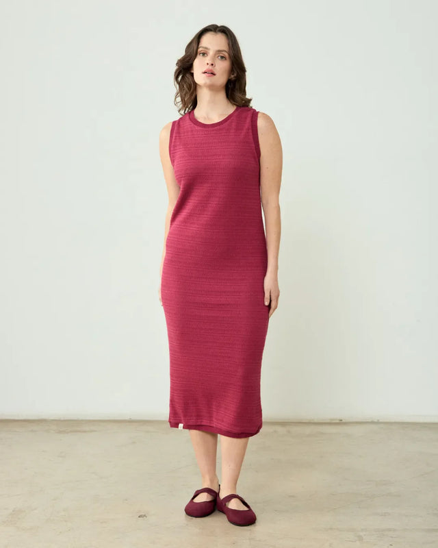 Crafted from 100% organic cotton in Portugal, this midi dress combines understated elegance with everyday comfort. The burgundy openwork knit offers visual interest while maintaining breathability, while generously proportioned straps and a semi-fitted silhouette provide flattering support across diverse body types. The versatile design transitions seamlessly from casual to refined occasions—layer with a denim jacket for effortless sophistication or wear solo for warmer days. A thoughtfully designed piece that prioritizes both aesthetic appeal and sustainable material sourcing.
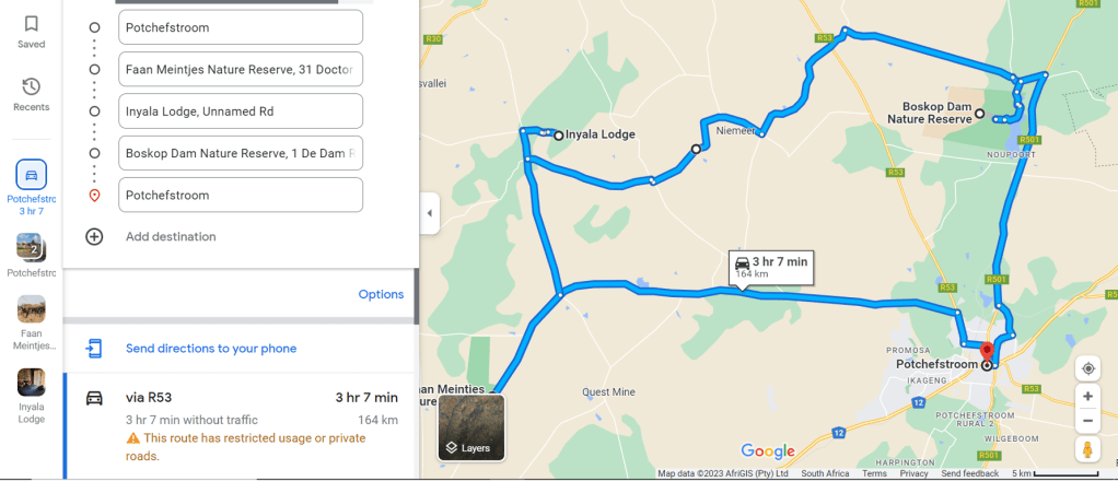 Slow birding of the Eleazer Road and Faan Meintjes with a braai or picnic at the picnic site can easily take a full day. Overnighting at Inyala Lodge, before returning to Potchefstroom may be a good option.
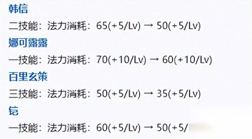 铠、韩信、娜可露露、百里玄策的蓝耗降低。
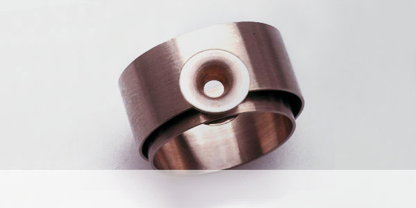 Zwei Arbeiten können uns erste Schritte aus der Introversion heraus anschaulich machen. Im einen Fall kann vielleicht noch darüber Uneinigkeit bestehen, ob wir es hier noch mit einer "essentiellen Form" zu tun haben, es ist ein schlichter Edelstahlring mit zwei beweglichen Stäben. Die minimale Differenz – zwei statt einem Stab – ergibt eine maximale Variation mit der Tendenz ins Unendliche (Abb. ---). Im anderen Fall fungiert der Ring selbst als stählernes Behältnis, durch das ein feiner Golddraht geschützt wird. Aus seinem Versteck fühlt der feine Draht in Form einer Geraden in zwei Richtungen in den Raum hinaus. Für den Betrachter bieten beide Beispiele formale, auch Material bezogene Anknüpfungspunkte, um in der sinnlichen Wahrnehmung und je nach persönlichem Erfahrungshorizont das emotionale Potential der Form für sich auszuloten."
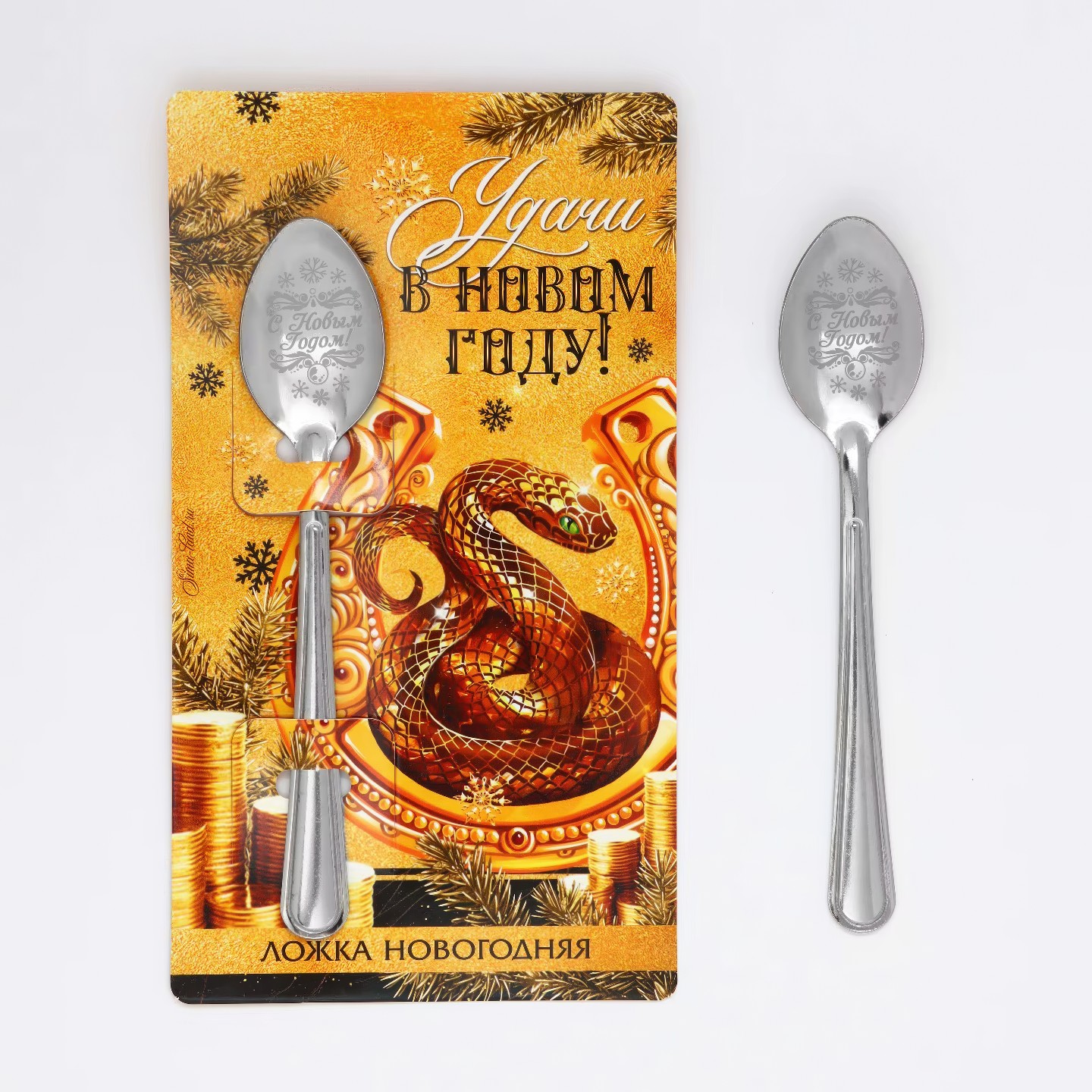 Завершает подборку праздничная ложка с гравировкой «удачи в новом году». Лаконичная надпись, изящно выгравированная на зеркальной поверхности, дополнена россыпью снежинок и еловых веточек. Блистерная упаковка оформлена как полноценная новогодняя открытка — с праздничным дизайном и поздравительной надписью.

- - - -

If you see a picture in the listing, skip it while copying everything else exactly.

Written answer:
 Crafted from 100% organic cotton in Portugal, this midi dress combines understated elegance with everyday comfort. The burgundy openwork knit offers visual interest while maintaining breathability, while generously proportioned straps and a semi-fitted silhouette provide flattering support across diverse body types. The versatile design transitions seamlessly from casual to refined occasions—layer with a denim jacket for effortless sophistication or wear solo for warmer days. A thoughtfully designed piece that prioritizes both aesthetic appeal and sustainable material sourcing.
 Slow birding of the Eleazer Road and Faan Meintjes with a braai or picnic at the picnic site can easily take a full day. Overnighting at Inyala Lodge, before returning to Potchefstroom may be a good option.
 铠、韩信、娜可露露、百里玄策的蓝耗降低。
 Zwei Arbeiten können uns erste Schritte aus der Introversion heraus anschaulich machen. Im einen Fall kann vielleicht noch darüber Uneinigkeit bestehen, ob wir es hier noch mit einer "essentiellen Form" zu tun haben, es ist ein schlichter Edelstahlring mit zwei beweglichen Stäben. Die minimale Differenz – zwei statt einem Stab – ergibt eine maximale Variation mit der Tendenz ins Unendliche (Abb. ---). Im anderen Fall fungiert der Ring selbst als stählernes Behältnis, durch das ein feiner Golddraht geschützt wird. Aus seinem Versteck fühlt der feine Draht in Form einer Geraden in zwei Richtungen in den Raum hinaus. Für den Betrachter bieten beide Beispiele formale, auch Material bezogene Anknüpfungspunkte, um in der sinnlichen Wahrnehmung und je nach persönlichem Erfahrungshorizont das emotionale Potential der Form für sich auszuloten."
 Завершает подборку праздничная ложка с гравировкой «удачи в новом году». Лаконичная надпись, изящно выгравированная на зеркальной поверхности, дополнена россыпью снежинок и еловых веточек. Блистерная упаковка оформлена как полноценная новогодняя открытка — с праздничным дизайном и поздравительной надписью.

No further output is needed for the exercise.